Camicetta rosa, gonna lunga marrone, capelli legati. Da quando i segretari degli psicologi servono spuntini? Mi è capitato da qualche parrucchiere, un trattamento simile. Ma da un medico, o qualunque cosa sia uno psicologo, proprio no.

«Oh, no, grazie.»

Che razza di posto. E’ già un’ora che aspetto. Non sembra per niente professionale, non mi convince. È una casa normalissima, questa: c’è la cucina, il bagno con gli accappatoi e gli spazzolini, un bambino che scorrazza da un lato all’altro dell’appartamento, un salotto (dove mi trovo) con tanto di nonnina che sferruzza ai ferri. È normale? No, perché io non sono un’assidua frequentatrice di questa gente, quindi magari è una cosa normalissima ed io non lo so. In fondo non so tante cose, io.

Non ne posso più, penso che se non mi chiama nei prossimi dieci minuti me ne vado. Insomma, è una mancanza di rispetto incredibile! Ho la testa che mi scoppia, non sopporto più questa stanza! Non sopporto più il parato a strisce bianche e marroni che ti fa incrociare gli occhi se lo fissi troppo a lungo, non sopporto più questi divani vecchi con questa fantasia a quadri rossi e questa macchia di unto che mi siede accanto senza farsi alcun problema, non sopporto più l’orologio a pendolo che suona ogni mezz’ora, non sopporto più il continuo sferruzzare della vecchia, non sopporto più quel maledetto moccioso che corre avanti e indietro gridando come un ossesso, non sopporto più quel dannato gattaccio puzzolente che continua a saltarmi addosso riempiendomi di peli grigi, non lo sopporto più! Se uno venisse qui sano di mente per fare un “controllo”, ne uscirebbe ammattito!

Spezie. Stanno iniziando a cucinare. Io me ne vado.

«Signorina… Irene? Irene Nodi? C’è la signorina Irene Nodi?»

Oh, cazzo. «Sono io! Sono io.»

«Dove stava andando?»

«Ah… Andavo un attimo fuori. Per… il telefono. Qui non prende.»

«Seconda stanza a destra.»

Spero non abbia pensato male. Chissà se si è bevuta la scusa del telefono, magari l’ha capito che stavo andando via… Ma che mi importa? Sono loro i maleducati, io avevo tutto il diritto di andarmene. Anzi, glielo avrei dovuto proprio dire! Me ne stavo andando perché non si fa aspettare una paziente per più di due ore in una stanza delle torture come quella! Sono loro i pazzi. Non io. Io non sono pazza. Non mi serve questa roba. Che diavolo ci faccio in questo maledetto posto?
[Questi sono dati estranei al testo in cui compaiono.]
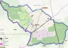 L'occupation des sols de la commune, telle qu'elle ressort de la base de données européenne d’occupation biophysique des sols Corine Land Cover (CLC), est marquée par l'importance des territoires agricoles (53,7 % en 2018), une proportion identique à celle de 1990 (53,8 %). La répartition détaillée en 2018 est la suivante : forêts (39,4 %), terres arables (34,8 %), prairies (15,9 %), zones industrielles ou commerciales et réseaux de communication (6,7 %), zones agricoles hétérogènes (3 %), eaux continentales[Note 3] (0,1 %)[17]. L'évolution de l’occupation des sols de la commune et de ses infrastructures peut être observée sur les différentes représentations cartographiques du territoire : la carte de Cassini (XVIIIe siècle), la carte d'état-major (1820-1866) et les cartes ou photos aériennes de l'IGN pour la période actuelle (1950 à aujourd'hui)[Carte 1].
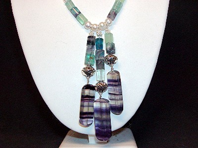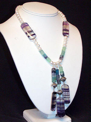 Striped fluorite, genuine freshwater pearls, fluorite beads, sterling silver beads and
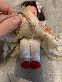 Bambolina in plastica vestita interamente a mano, dalla fascia in testa alle babbucce realizzate a uncinetto. Unici segni di usura sono visibili sugli occhi.
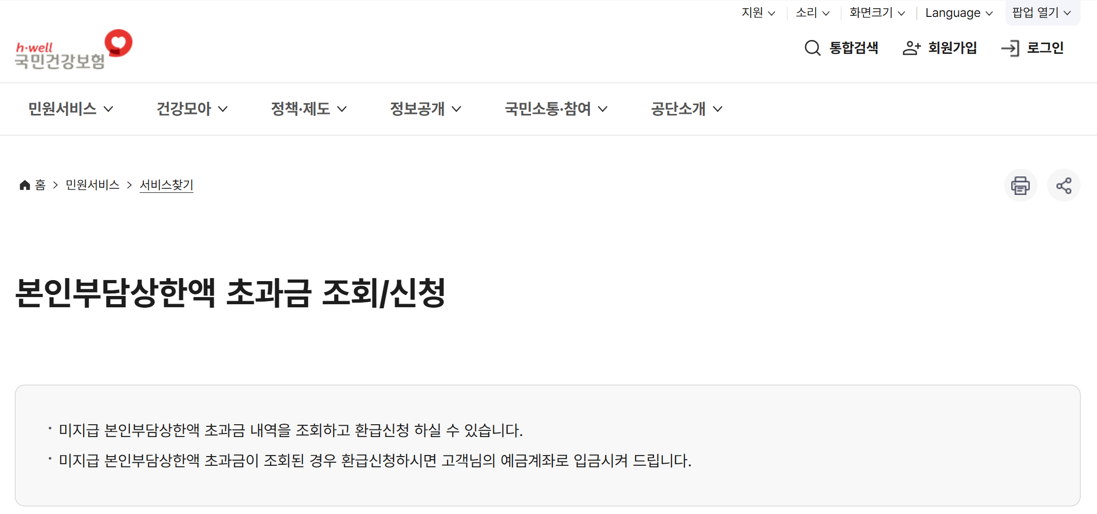 특히 병원 이용이 잦거나 큰 수술, 입원 치료 등을 받으셨던 분들은 건강보험공단 홈페이지에 방문해 꼭 한 번 본인의 초과금 여부를 조회해보시길 권장합니다.

«Buongiorno, si accomodi.»

Che voce profonda, mi ricorda quella di mio nonno.

Almeno in questa stanza non ci puzza. Che pareti candide, e come spiccano i suoi capelli scuri. È tutto bianco: sedie, scrivania, tende... Mi fanno male gli occhi.

«Mi fanno male gli occhi. Perché tutto questo bianco?»

«Mi rilassa.» Sorride. Secondo me è pazzo.

Ma in che guaio mi sto cacciando.

«Non è lei la persona con cui ho parlato a telefono, vero?»

È mio nonno. È proprio mio nonno. Ha anche gli stessi occhi di mio nonno.

«Signorina, mi ascolta?»

«Oh, sì, mi scusi. No, non ho chiamato io, è stata una mia amica.»

«Deve sapere che uno dei requisiti, per far sì che il mio lavoro funzioni, è che sia lei di sua spontanea volontà a venire da me...»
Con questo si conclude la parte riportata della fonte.